1. Definitions. The following terms used in this Insuring Agreement shall
have the following meanings:
a. "Authorized User" means any person or entity designated by the
Insured (through contract, assignment of User Identification, or
otherwise) as authorized to use a Covered Computer System, or any
part thereof. An individual who invests in an Insured Fund shall
not be considered to be an Authorized User solely by virtue of
being an investor.
b. "Computer Fraud" means the unauthorized entry of data into, or the
deletion or destruction of data in, or change of data elements or
programs within, a Covered Computer System which:
(1) is committed by any Unauthorized Third Party anywhere, alone
or in collusion with other Unauthorized Third Parties; and
(2) is committed with the conscious manifest intent (a) to cause
the Insured to sustain a loss, and (b) to obtain financial
benefit for the perpetrator or any other person; and
(3) causes (x) Property to be transferred, paid or delivered; or
(y) an account of the Insured, or of its customer, to be
added, deleted, debited or credited; or (z) an unauthorized or
fictitious account to be debited or credited.
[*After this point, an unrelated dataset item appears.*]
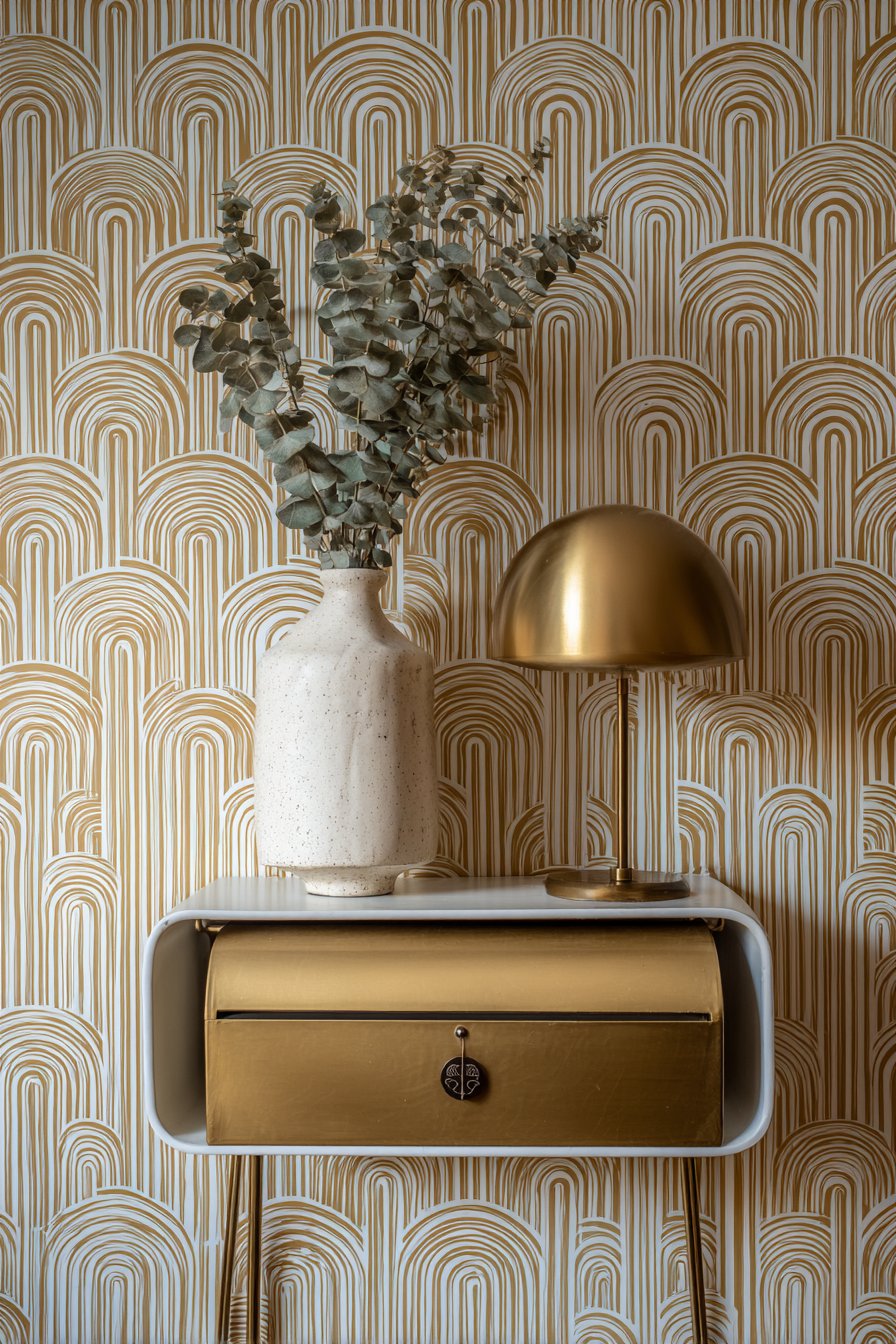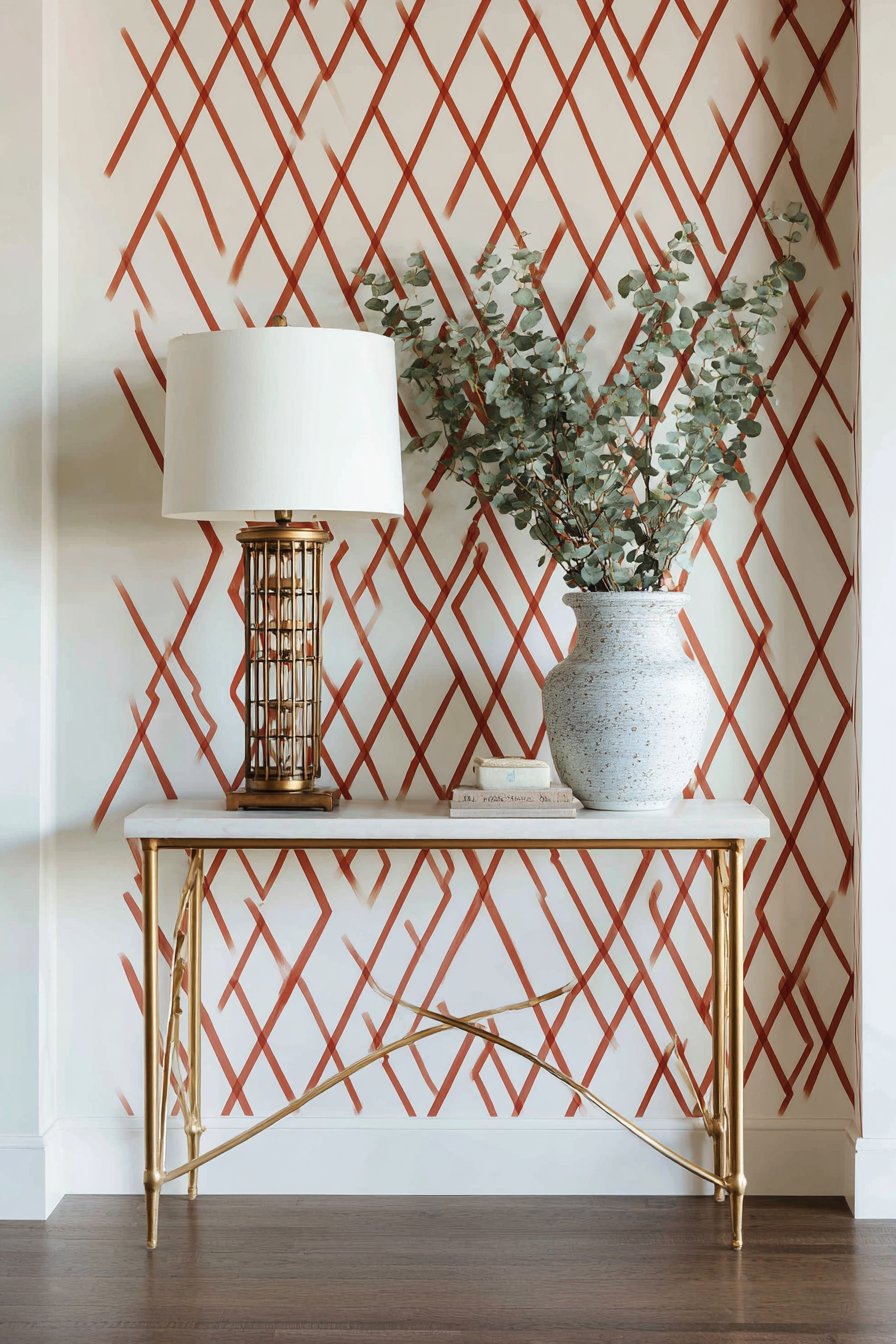 The choice of muted terracotta rather than bright, saturated colors is key to this design’s success. The warm, earthy tone feels inviting rather than aggressive, while the cream creates breathing room within the pattern. The geometric design adds modern edge and personality, transforming a simple entryway wall into a design feature that makes a statement about the homeowner’s confidence and style. A decorative wall-mounted mail organizer in brass finish adds functional detail while picking up the gold tones of the console legs, creating subtle metallic accents that add a touch of glamour.

c. "Computer Security Procedures" means procedures for prevention of
unauthorized computer access and use and administration of
computer access and use as provided in writing to the Underwriter.
d. "Covered Computer System" means any Computer System as to which
the Insured has possession, custody and control.
e. "Unauthorized Third Party" means any person or entity that, at the
time of the Computer Fraud, is not an Authorized User.
f. "User Identification" means any unique user name (i.e., a series
of characters) that is assigned to a person or entity by the
Insured.
2. Exclusions. It is further understood and agreed that this Insuring
Agreement J shall not cover:
a. Any loss covered under Insuring Agreement A, "Fidelity," of this
Bond; and
b. Any loss resulting directly or indirectly from Theft or
misappropriation of confidential or proprietary information,
material or data (including but not limited to trade secrets,
computer programs or customer information); and
c. Any loss resulting from the intentional failure to adhere to one
or more Computer Security Procedures; and
d. Any loss resulting from a Computer Fraud committed by or in
collusion with:
(1) any Authorized User (whether a natural person or an entity);
or
(2) in the case of any Authorized User which is an entity, (a)
any director, officer, partner, employee or agent of such
Authorized User, or (b) any entity which controls, is
controlled by, or is under common control with such
Authorized User ("Related Entity"), or (c) any director,
officer, partner, employee or agent of such Related Entity;
or
(3) in the case of any Authorized User who is a natural person,
(a) any entity for which such Authorized User is a director,
officer, partner, employee or agent ("Employer Entity"), or
(b) any director, officer, partner, employee or agent of
such Employer Entity, or (c) any entity which controls, is
controlled by, or is under common control with such Employer
Entity ("Employer-Related Entity"), or (d) any director,
officer, partner, employee or agent of such Employer-Related
Entity;
and
e. Any loss resulting from physical damage to or destruction of any
Covered Computer System, or any part thereof, or any data, data
elements or media associated therewith; and
f. Any loss resulting from Computer Fraud committed by means of
wireless access to any Covered Computer System, or any part
thereof, or any data, data elements or media associated therewith;
and
g. Any loss not directly and proximately caused by Computer Fraud
(including, without limitation, disruption of business and extra
expense); and
h. Payments made to any person(s) who has threatened to deny or has
denied authorized access to a Covered Computer System or otherwise
has threatened to disrupt the business of the Insured.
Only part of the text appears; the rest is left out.